Quantifying the benefits of adaptation measures is crucial for planning nation-wide coordinated actions for flood risk reduction in view of future socio-economic dynamics and the potential intensification of the hydrological cycle and of its extremes (Alfieri et al. 2015a). Current and past research has described extensively the damage reduction potential of a wide range of adaptation options (ABI 2003; Arnbjerg-Nielsen and Fleischer 2009; Kreibich et al. 2011; Woodward et al. 2011). However, only few studies have quantified the benefits of adaptation strategies through simulation approaches, especially in view of future climate change. Among these, Poussin et al. (2012) used a modelling framework to investigate the benefits of spatial zoning, wet and dry flood-proofing on the future flood risk in the Meuse River. At European level, Rojas et al. (2013) and Jongman et al. (2014) used an ensemble of regional climate projections to assess the sensitivity of increased flood protection standards and of risk transfer financing on riverine flood risk throughout the XXI century.

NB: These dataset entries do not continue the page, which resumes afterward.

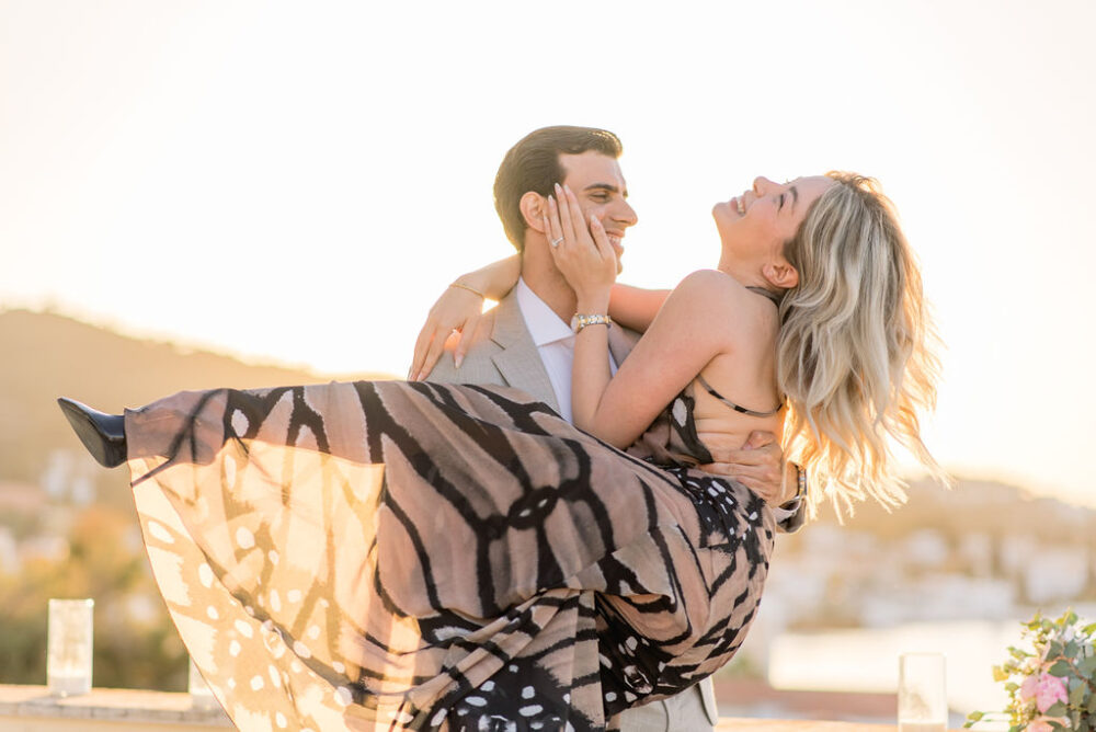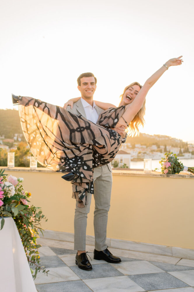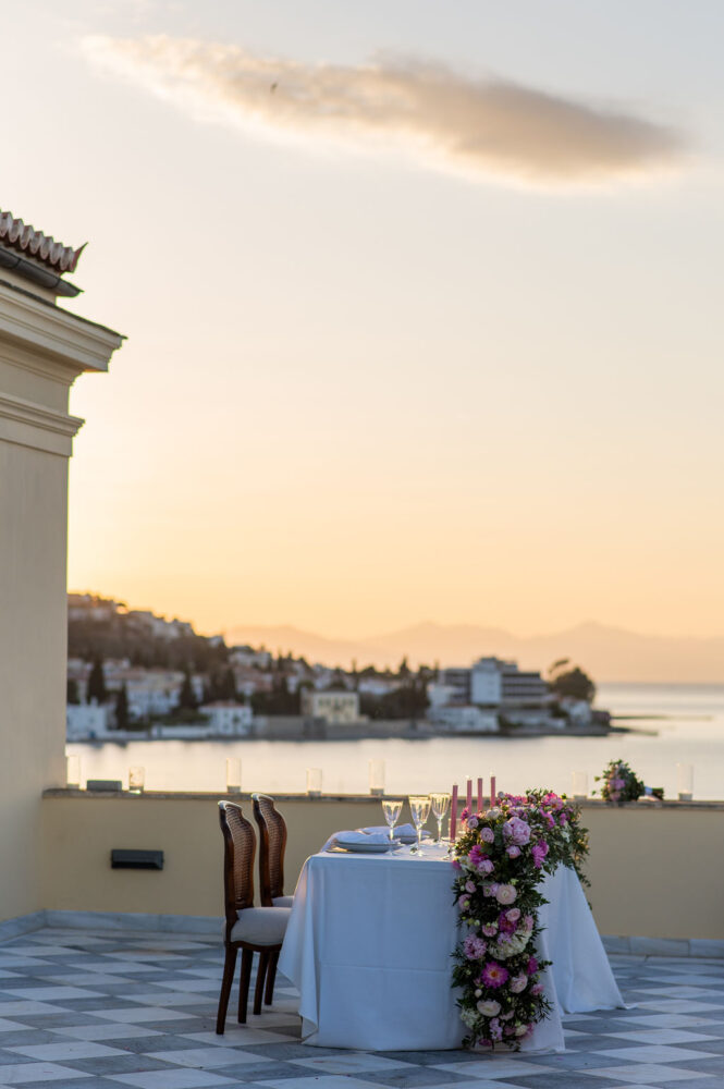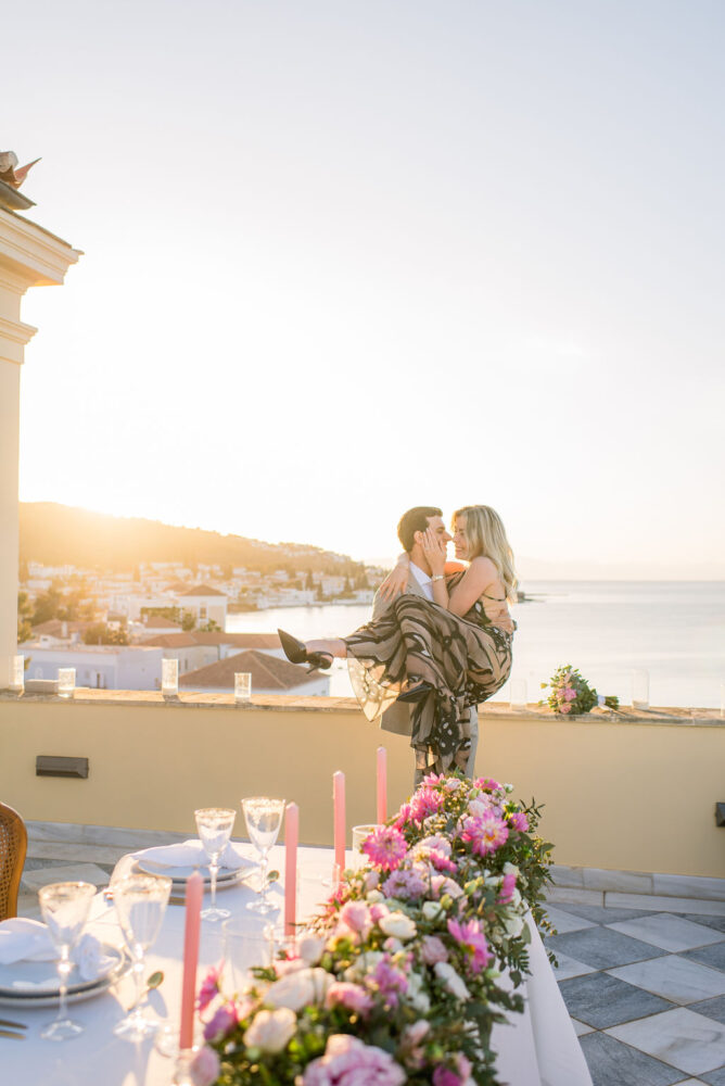 Right in front of the sea, at the historic and impossibly romantic “Poseidonion Hotel” in Spetses, he popped the question and Chrysi said “yes”!
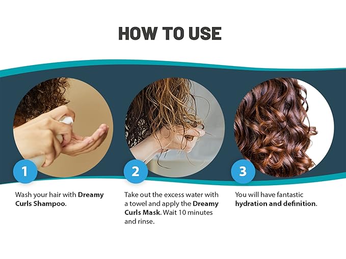 - 【HOW TO USE】Wash your hair with Dreamy Curls Shampoo, take out the excess water with a towel and apply the Dreamy Curls Mask. Wait 10 minutes and rinse. The hydration and definition of your curls will be noticeable.
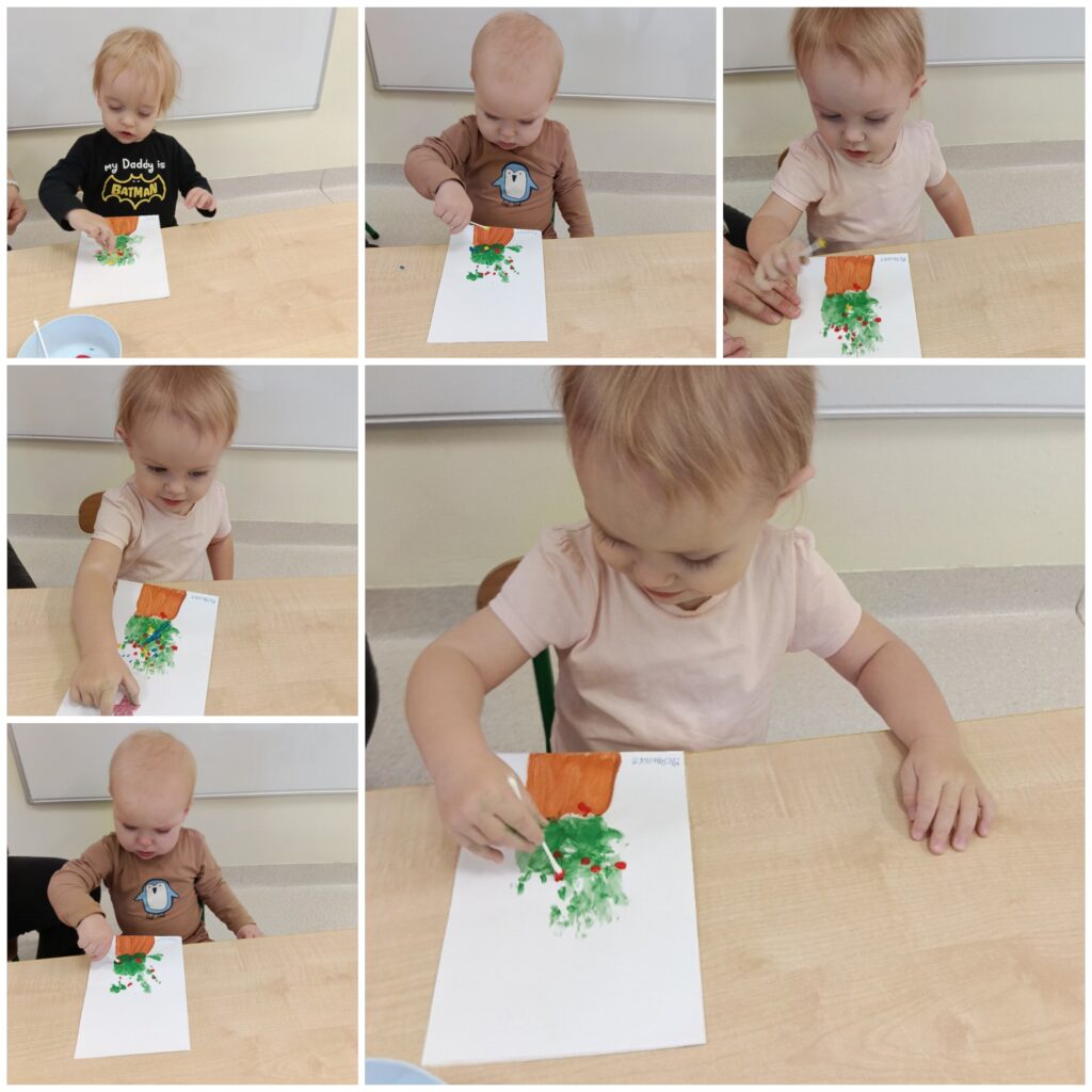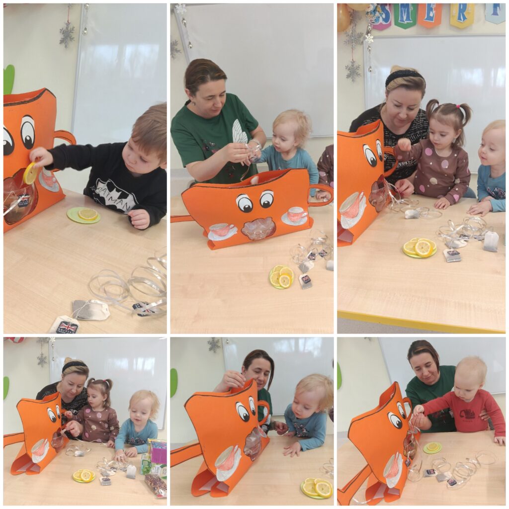 Maluszki przypominały sobie zimowe piosenki, czytaliśmy bajeczki o tematyce świątecznej i słuchaliśmy kolęd. Smerfiki wykonały dwie prace plastyczne: choinkę oraz piękne kartki świąteczne dla rodziców. W poniedziałek obchodziliśmy Dzień herbaty. Dzieci zapoznały się z różnymi rodzajami herbaty oraz parzyły ja w specjalnie przygotowanym imbryczku. Natomiast w piątek obchodziliśmy Pierwszy Dzień Zimy i z tej okazji wykonaliśmy piękne bałwanki. Tydzień upłynął w świątecznej atmosferze.

This work relies on the new flood risk assessment framework proposed by Alfieri et al. (2015b) to illustrate the benefits of adaptation in reducing expected damages and population affected by river floods in Europe under 4 °C global warming by the end of the century. Adaptation is here intended as of the Intergovernmental Panel on Climate Change (IPCC) terminology (IPCC 2001), hence measures aimed at reducing the sources or enhance the sinks of greenhouse gases, i.e., classified as “mitigation” measures, are not considered in this work. The risk assessment framework comprises hydrological modelling, threshold-based evaluation of extreme event magnitude and frequency, fully integrated 2D flood hazard mapping, updated exposure maps, country-specific depth-damage functions and improved vulnerability information to estimate current and future flood risk. Within this framework, we consider four different adaptation options and evaluate their effectiveness in risk reduction. Each adaptation option is therefore simulated in 8 to 12 different configurations to assess the sensitivity of its implementation on the resulting flood risk. Risk reduction estimates are obtained by aggregating the results of seven ensemble simulations in space, over 28 European countries, and in time, through three 30-year time slices (TS), to strengthen the robustness of the analysis.

2 Data and methods

The simulation framework for flood risk assessment used in this work is described by Alfieri et al. (2015b). The reader is referred to it for detailed information on the main input data, simulation models, limits of validity and methods used to estimate the future flood risk in Europe under high-end climate scenario, assuming no adaptation measures. Main steps of the risk assessment framework include:

  • Continuous daily streamflow simulations from 1976 to 2100 (Alfieri et al. 2015a), forcing a distributed hydrological model (Lisflood, van der Knijff et al. 2010) with an ensemble of seven EURO-CORDEX (Jacob et al. 2014) RCP 8.5 downscaled regional climate scenarios over Europe. The General Circulation Models (GCM) driving the regional models chosen are rated in the top 25 %, according to a performance evaluation of CMIP5 models carried out by Perez et al. (2014), in their ability to reproduce spatial patterns and climate variability over the north-east Atlantic region, that is the most influential on the European weather patterns.

  • Estimation of potential population affected (PA) and expected damage (ED) of river floods in Europe in the current climate, through a combination of hydrological and high-resolution (100 m) hydraulic modeling. Output flood extent and depths are coupled with an impact model based on population density and depth-damage relations to estimate PA and ED for selected return periods.

  • Each flow peak of the future streamflow scenario exceeding the local flood protection levels is assigned an impact (PA and ED) through linear interpolation among the return periods estimated for the current climate.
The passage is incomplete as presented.